The most prominent negative signs are weakness (paresis) and ataxia (i.e., precision loss) in voluntary motions; the most frequent positive counterparts are enhanced tendon reflexes, the Babinski sign, and spasticity. This is a term encompassing both the increased resistance of muscles to passive stretch and the involuntary agonist-antagonist co-activation. Oversimplifying the issue, it can be said that the brain (a) can no longer properly recruit the spinal motoneurons below the lesion and does no longer receive proper information from the body periphery (hence the weakness-ataxia negative signs), and (b) it can no longer properly inhibit when needed the neural circuitries below
the lesion; these tend to respond on their own to peripheral stimuli ultimately causing unwilled movements and, in the long run, anatomical shortening (contracture) of the over-activated muscles. In short, the disruption of the brain-spine connection entails a loss of both facilitation and inhibition, which are the two sides of the same coin (see (7) for a classic text on human spinal physiology).
Rehabilitation may aim at both an "adaptive" recovery (e.g., steering a wheelchair) or to "intrinsic" recovery of the impaired functions (e.g., recovery of muscle strength) (8). Within the intrinsic strategy, the main goal of rehabilitation is contrasting weakness and ataxia while decreasing the positive signs. Treatments may target both peripheral and central mechanisms of impairment. On the peripheral side, for example, slow muscle stretching and muscle relaxant drugs may attenuate spasticity, and electrical stimulation may contrast muscle atrophy (9). Central approaches consist of various techniques requiring mental efforts to provide stronger and more precise willed movements (9). This approach assumes that the brain "has forgotten" some latent capacity and/or that it can learn to use more efficiently the surviving neural circuitry. There are several lines of evidence that the assumption holds. The learned non-use phenomenon (a form of disuse atrophy affecting central sensory and/or motor circuitries) is now well-established in various areas of neuro-pathology ranging from strabismus (9) to stroke (10). There is also evidence that the injured spinal cord undergoes slow progressive anatomical atrophy (11) while the areas of cortical representation of the sublesional regions are "invaded" by an enlarged representation of the neighbouring supralesional regions (11). Hence, there is a rationale for exercises requiring skilled voluntary control of the movements of the paretic lower limbs after incomplete SCI.

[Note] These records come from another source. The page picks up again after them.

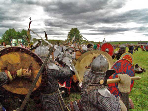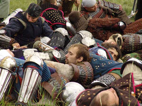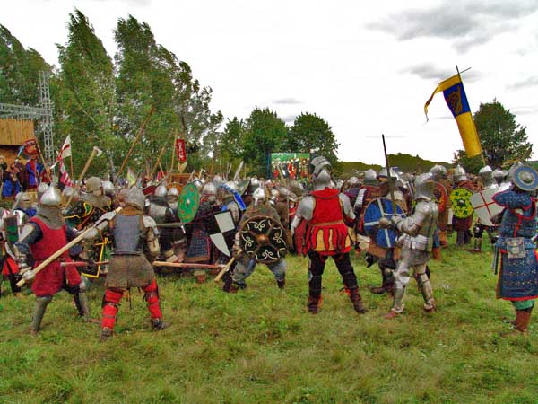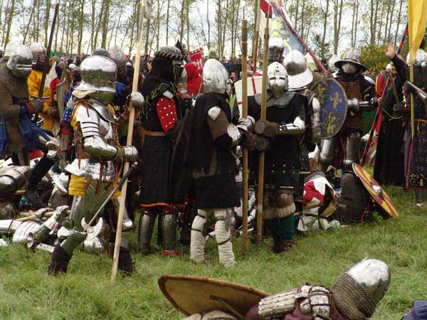 Звон железа, крики... ржанье лошадей... выстрелы орудий... средневековых... тяжелому рыцарю уже трудно подняться... поле покрывается раненными...
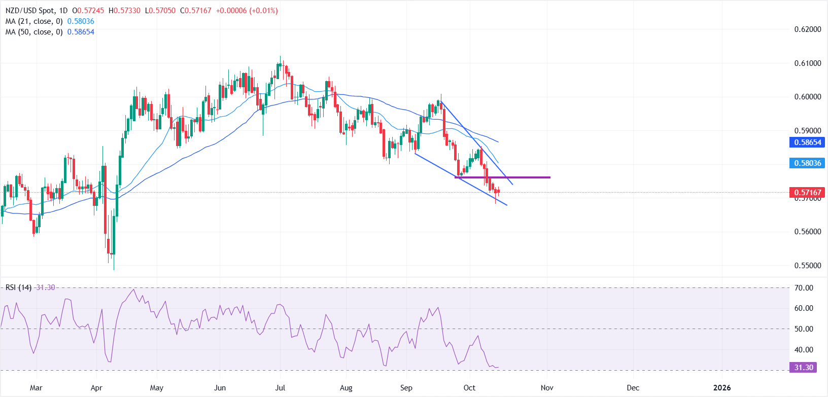 周三,纽元(NZD)在兑美元(USD)方面仍处于防守状态,连跌第七个交易日,尽管美元普遍走弱,投资者仍继续惩罚纽元。
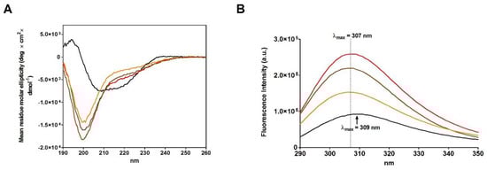 - Miles, A.J.; Ramalli, S.G.; Wallace, B.A. DichroWeb, a website for calculating protein secondary structure from circular dichroism spectroscopic data. Protein Sci. 2021, 31, 37–46. [Google Scholar] [CrossRef]
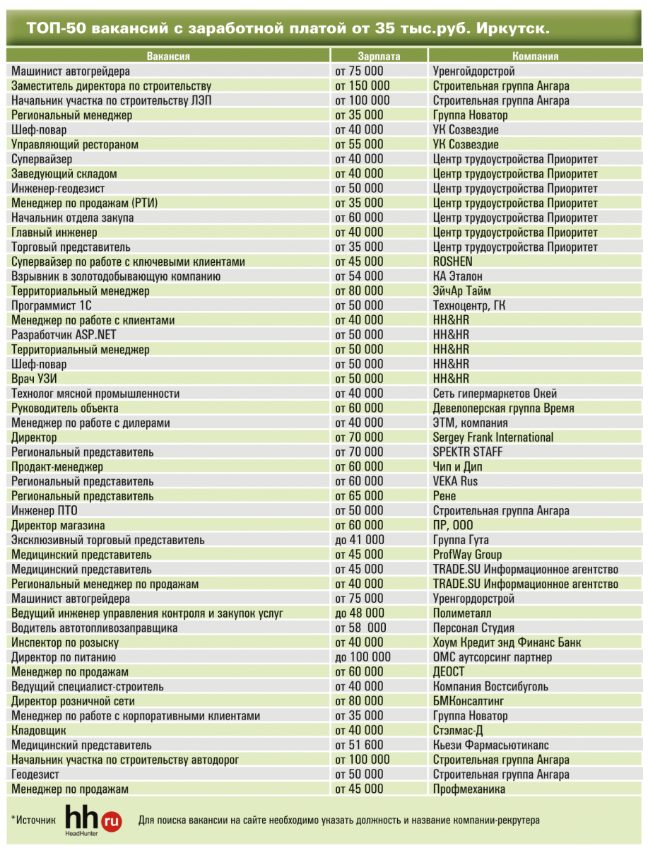 ТОП-50 вакансий с заработной платой от 35 тыс.руб. Иркутск.
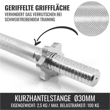 - Kurzhantelstangen aus Chrom mit Griff-Rändelung und Gewinde

In this paper, a form of bio-feedback (BFB) treatment is studied. BFB encases a large family of techniques, sharing the goal of providing the subject with information about a body function of which he/she cannot be aware of (13). Sweating, heart rate and muscle electrical activations are all examples of variables that can be brought under conscious control by providing the subject with the proper information arising from the activity under scrutiny (feedback), which usually requires some electronic equipment. The feedback can be represented by any signal that can be managed consciously: for example a sound, a skin pressure or any visual signal of which some parameters are related to the "amount" of the tracked biological variable. BFB is probably underutilised in motor rehabilitation. In the early years of electronics it was originally conceived as a highly demanding form of cognitive exercise requiring a good cognitive status and full collaboration, and it was limited to a single body segment (e.g., cervical spine in headache). Thanks to the progresses in electronics, it can nowadays be applied also to high-order variables, thus going beyond the activity of single body segments. Such examples are the motion of the body centre of gravity during standing (14) and walk-
ing (15), and the latency of recruitment of an agonist and a postural muscle during voluntary tasks (16). The augmented feedback (AFB) approach is a variant of the BFB in that it provides a type of information which is physiologically conscious, yet for some reasons it is weakened or distorted. This is the case of joint position when the expected and the actual joint excursions do not match due to a paresis and/or due to a loss of proprioception.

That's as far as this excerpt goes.